Aww, poor pupper. Maybe golden retriever/ dachshund? It is awesome that you kept him safe over night.


----------



## esSJay (Apr 13, 2009)

Ljilly28 said:


> Aww, poor pupper. Maybe golden retriever/ dachshund? It is awesome that you kept him safe over night.


The first thing I thought was dachshund. My next guess would be border collie and/or golden retriever.


----------



## Selli-Belle (Jan 28, 2009)

Here is my Duffy who is a Golden Sheltie mix. Duffy has a few white hairs on his chest. He had much more when he was a pup!


----------



## Megan (Mar 21, 2008)

I thought dachshund at first too, but his legs are wee bit too long, he's like a deer. xD

I know he's somebodies pet, he had a color and tags.. but i have no way to find the person(as mentioned before, the number doesn't work and the house was empty), and we can't keep him and try and find his owner because we already have three dogs in the house, and our dachshund hates him.. So we decided to keep him overnight and hope the owners go to the SPCA to look for him.

I'm doing what i'd hope someone would do for me if one of my dogs were to get lost.


----------



## cubbysan (Mar 13, 2007)

Ljilly28 said:


> Aww, poor pupper. Maybe golden retriever/ dachshund? It is awesome that you kept him safe over night.


 
I was thinking the same thing.

Her face looks a lot like my MacKenzie.


----------



## Bender (Dec 30, 2008)

Selli-Belle said:


> Here is my Duffy who is a Golden Sheltie mix. Duffy has a few white hairs on his chest. He had much more when he was a pup!


 One of those 'wash and wear' dogs I see. Very nice!:


----------



## C's Mom (Dec 7, 2009)

I was on petfinder and saw a dog that looked so much like this one. Petfinder Adoptable Dog | Golden Retriever | Olean, NY | Moonshine. 

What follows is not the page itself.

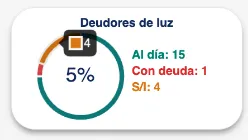 Esta primera pestaña muestra toda la información relacionada con las deudas de las propiedades que tiene cada cliente. Estas se encuentran segmentadas por servicio (agua, luz, gas, según corresponda) y estado (servicio al día, en mora, sin información).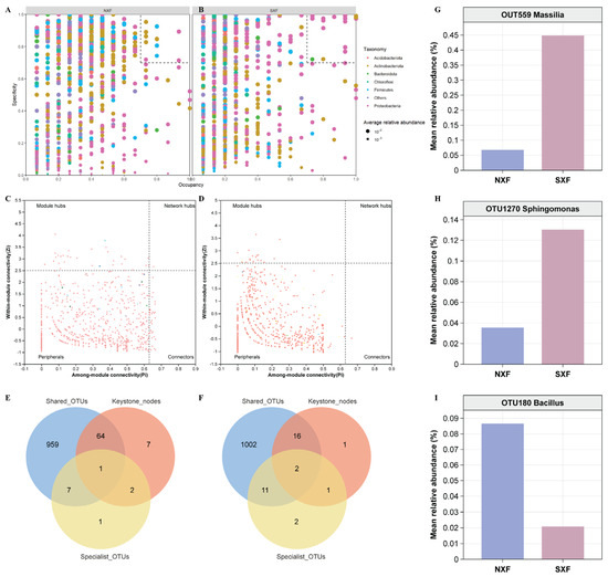 Identification of core species. The SPEC-OCCU plots of the bacterial network show 1594 most abundant OTUs in each habitat type; the x-axis represents occupancy: how well an OTU is distributed in NXF or SXF; and the y-axis represents specificity: whether they are also found in other regions. Here, to find specialist species attributable to NXF (A) or SXF (B), we selected OTUs with specificity and occupancy greater than or equal to 0.7. The Zi-Pi method to reveal core hubs of bacterial networks in NXF (C) and SXF (D). Screening for core species based on “Shared OTUs”, “Specialist OTUs”, and “Keystone nodes” in NXF (E) and SXF (F). The relative abundance of core species identified in the NXF (I) and SXF (G,H) bacterial network. Specificity is defined as the ratio of the average abundance of a species in a habitat and the sum of the average abundance of each habitat of this species across all habitats; that is, a higher specificity indicates that the species is specific to a habitat type relative to other habitats. Occupancy is defined as the ratio of the number of samples in which the species is present to the total number of samples in a habitat; that is, a higher occupancy indicates that the species is common in the habitat [24]. NXF, grapes from the Ningxia region; SXF, grapes from the Shanxi region.

Thank you so much for helping this doggie. Both beautiful dogs.


----------



## lgnutah (Feb 26, 2007)

What a sweetheart he is. Those tufts on the ears are distinctive. I think dauschund is in there somewhere myself.


----------



## iansgran (May 29, 2010)

I am also thinking Dachshund the long haired ones look just like little goldens in the face, this is a mix so longer legs from some other breed


----------



## DaisyGolden (Jan 4, 2008)

I have no idea about the breed, but its nice of you to take him in and try to find his home.


----------



## GoldenSail (Dec 30, 2008)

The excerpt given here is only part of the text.